[Opening Data provided section]

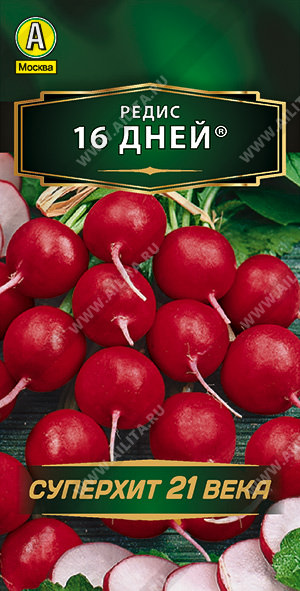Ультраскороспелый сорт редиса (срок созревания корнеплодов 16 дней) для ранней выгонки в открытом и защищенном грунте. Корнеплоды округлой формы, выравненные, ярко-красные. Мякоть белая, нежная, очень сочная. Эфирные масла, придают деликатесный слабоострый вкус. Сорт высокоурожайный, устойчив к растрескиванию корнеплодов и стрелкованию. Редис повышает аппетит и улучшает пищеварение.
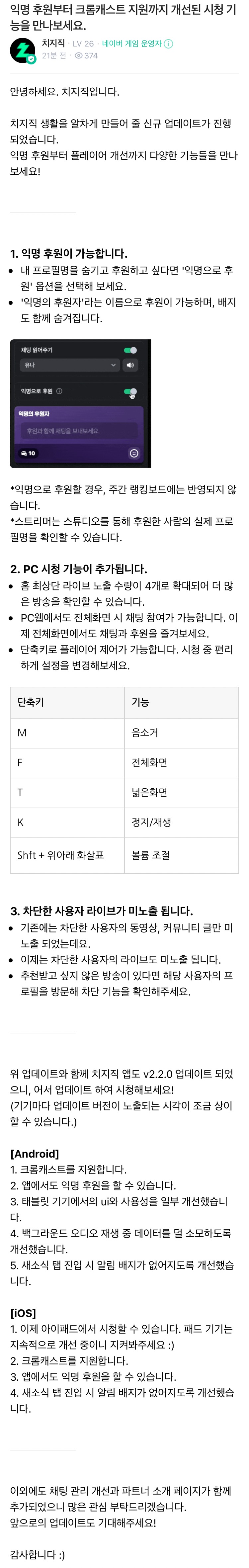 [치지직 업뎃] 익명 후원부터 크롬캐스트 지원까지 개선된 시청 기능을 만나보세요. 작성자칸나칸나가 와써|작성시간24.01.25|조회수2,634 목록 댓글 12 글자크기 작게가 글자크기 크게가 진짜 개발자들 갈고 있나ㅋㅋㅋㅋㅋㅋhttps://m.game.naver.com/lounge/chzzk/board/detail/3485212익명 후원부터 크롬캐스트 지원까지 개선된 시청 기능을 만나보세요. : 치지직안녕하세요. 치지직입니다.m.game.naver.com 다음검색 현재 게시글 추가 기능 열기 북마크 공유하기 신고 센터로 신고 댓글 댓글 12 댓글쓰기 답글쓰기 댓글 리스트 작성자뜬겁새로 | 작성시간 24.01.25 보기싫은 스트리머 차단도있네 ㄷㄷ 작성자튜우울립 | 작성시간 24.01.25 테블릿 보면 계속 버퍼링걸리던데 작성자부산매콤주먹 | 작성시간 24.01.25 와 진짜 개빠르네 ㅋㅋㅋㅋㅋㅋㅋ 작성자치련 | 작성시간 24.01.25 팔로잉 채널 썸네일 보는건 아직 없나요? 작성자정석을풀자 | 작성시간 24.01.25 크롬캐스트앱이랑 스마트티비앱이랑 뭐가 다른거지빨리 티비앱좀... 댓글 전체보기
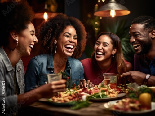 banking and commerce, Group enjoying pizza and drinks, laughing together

[Closing Data provided section]

= Exercise goal =
Give again, word for word, the lines above from the one with "[치지직 업뎃] 익명" through the final line of the data, both ends included. Do not copy any picture.

= Result of the task =
 [치지직 업뎃] 익명 후원부터 크롬캐스트 지원까지 개선된 시청 기능을 만나보세요. 작성자칸나칸나가 와써|작성시간24.01.25|조회수2,634 목록 댓글 12 글자크기 작게가 글자크기 크게가 진짜 개발자들 갈고 있나ㅋㅋㅋㅋㅋㅋhttps://m.game.naver.com/lounge/chzzk/board/detail/3485212익명 후원부터 크롬캐스트 지원까지 개선된 시청 기능을 만나보세요. : 치지직안녕하세요. 치지직입니다.m.game.naver.com 다음검색 현재 게시글 추가 기능 열기 북마크 공유하기 신고 센터로 신고 댓글 댓글 12 댓글쓰기 답글쓰기 댓글 리스트 작성자뜬겁새로 | 작성시간 24.01.25 보기싫은 스트리머 차단도있네 ㄷㄷ 작성자튜우울립 | 작성시간 24.01.25 테블릿 보면 계속 버퍼링걸리던데 작성자부산매콤주먹 | 작성시간 24.01.25 와 진짜 개빠르네 ㅋㅋㅋㅋㅋㅋㅋ 작성자치련 | 작성시간 24.01.25 팔로잉 채널 썸네일 보는건 아직 없나요? 작성자정석을풀자 | 작성시간 24.01.25 크롬캐스트앱이랑 스마트티비앱이랑 뭐가 다른거지빨리 티비앱좀... 댓글 전체보기
 banking and commerce, Group enjoying pizza and drinks, laughing together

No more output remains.